┌─ MATERIAL TO PROCESS

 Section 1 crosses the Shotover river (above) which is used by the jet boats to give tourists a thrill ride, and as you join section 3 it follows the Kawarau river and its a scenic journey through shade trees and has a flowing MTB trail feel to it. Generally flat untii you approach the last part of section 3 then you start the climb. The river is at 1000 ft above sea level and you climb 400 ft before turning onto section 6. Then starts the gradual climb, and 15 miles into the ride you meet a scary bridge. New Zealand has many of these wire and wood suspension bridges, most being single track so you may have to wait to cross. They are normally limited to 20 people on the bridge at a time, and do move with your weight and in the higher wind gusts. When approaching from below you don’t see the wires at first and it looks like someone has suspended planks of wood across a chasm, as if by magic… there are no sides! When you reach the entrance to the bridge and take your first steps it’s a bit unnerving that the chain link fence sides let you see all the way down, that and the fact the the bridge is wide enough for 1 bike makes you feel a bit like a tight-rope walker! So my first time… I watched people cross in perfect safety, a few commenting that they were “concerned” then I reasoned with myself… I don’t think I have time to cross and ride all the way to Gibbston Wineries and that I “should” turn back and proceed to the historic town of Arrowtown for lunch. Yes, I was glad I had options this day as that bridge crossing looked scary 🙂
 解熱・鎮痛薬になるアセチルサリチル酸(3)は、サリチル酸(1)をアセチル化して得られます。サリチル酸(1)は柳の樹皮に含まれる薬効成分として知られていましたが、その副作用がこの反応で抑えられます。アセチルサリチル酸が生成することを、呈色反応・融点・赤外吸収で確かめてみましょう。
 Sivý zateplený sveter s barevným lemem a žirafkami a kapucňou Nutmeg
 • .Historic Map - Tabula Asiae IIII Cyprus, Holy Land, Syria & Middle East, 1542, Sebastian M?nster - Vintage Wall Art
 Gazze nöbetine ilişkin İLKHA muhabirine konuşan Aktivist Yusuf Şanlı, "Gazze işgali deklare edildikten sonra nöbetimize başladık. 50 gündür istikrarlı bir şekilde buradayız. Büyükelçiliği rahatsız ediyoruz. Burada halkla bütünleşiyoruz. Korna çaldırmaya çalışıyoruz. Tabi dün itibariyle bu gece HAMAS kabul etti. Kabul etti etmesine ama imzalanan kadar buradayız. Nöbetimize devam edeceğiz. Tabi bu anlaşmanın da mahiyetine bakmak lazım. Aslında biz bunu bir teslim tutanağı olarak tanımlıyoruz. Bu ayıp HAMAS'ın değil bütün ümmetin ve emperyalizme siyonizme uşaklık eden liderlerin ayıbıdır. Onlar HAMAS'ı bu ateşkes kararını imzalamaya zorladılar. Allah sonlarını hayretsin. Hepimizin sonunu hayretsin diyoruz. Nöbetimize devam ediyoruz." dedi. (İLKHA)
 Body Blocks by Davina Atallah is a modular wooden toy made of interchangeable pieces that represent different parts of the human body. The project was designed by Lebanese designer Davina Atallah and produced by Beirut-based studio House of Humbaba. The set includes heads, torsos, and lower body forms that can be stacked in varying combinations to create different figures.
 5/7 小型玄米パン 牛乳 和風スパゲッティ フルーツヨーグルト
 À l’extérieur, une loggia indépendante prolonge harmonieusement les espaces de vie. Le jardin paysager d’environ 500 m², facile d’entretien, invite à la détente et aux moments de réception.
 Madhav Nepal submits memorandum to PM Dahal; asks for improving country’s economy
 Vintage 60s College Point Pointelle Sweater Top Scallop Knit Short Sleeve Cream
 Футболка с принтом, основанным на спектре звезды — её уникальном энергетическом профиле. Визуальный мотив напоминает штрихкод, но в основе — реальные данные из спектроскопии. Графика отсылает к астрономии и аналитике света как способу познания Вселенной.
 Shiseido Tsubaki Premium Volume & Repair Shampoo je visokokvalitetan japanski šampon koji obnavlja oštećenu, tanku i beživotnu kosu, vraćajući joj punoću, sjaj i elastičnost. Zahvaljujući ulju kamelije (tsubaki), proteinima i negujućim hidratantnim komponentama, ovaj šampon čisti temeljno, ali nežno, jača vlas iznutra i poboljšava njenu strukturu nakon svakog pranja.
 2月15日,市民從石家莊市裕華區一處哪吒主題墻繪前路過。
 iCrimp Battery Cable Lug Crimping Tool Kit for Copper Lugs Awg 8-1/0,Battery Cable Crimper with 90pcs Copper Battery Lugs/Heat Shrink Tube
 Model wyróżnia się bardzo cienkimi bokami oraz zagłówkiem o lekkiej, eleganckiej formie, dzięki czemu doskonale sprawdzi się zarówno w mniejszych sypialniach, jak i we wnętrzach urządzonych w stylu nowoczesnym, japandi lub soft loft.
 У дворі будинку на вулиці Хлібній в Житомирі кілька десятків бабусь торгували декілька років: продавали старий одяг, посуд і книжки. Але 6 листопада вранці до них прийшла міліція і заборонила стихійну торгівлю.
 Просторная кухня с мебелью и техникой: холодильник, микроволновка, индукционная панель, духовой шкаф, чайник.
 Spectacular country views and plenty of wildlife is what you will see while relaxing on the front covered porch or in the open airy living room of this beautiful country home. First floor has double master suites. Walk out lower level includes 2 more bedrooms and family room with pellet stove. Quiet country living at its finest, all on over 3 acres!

└─

PROMPT
Every line of the entries that includes "Vintage" must be copied into the answer.

RESPONSE FOR THIS EXERCISE
 • .Historic Map - Tabula Asiae IIII Cyprus, Holy Land, Syria & Middle East, 1542, Sebastian M?nster - Vintage Wall Art
 Vintage 60s College Point Pointelle Sweater Top Scallop Knit Short Sleeve Cream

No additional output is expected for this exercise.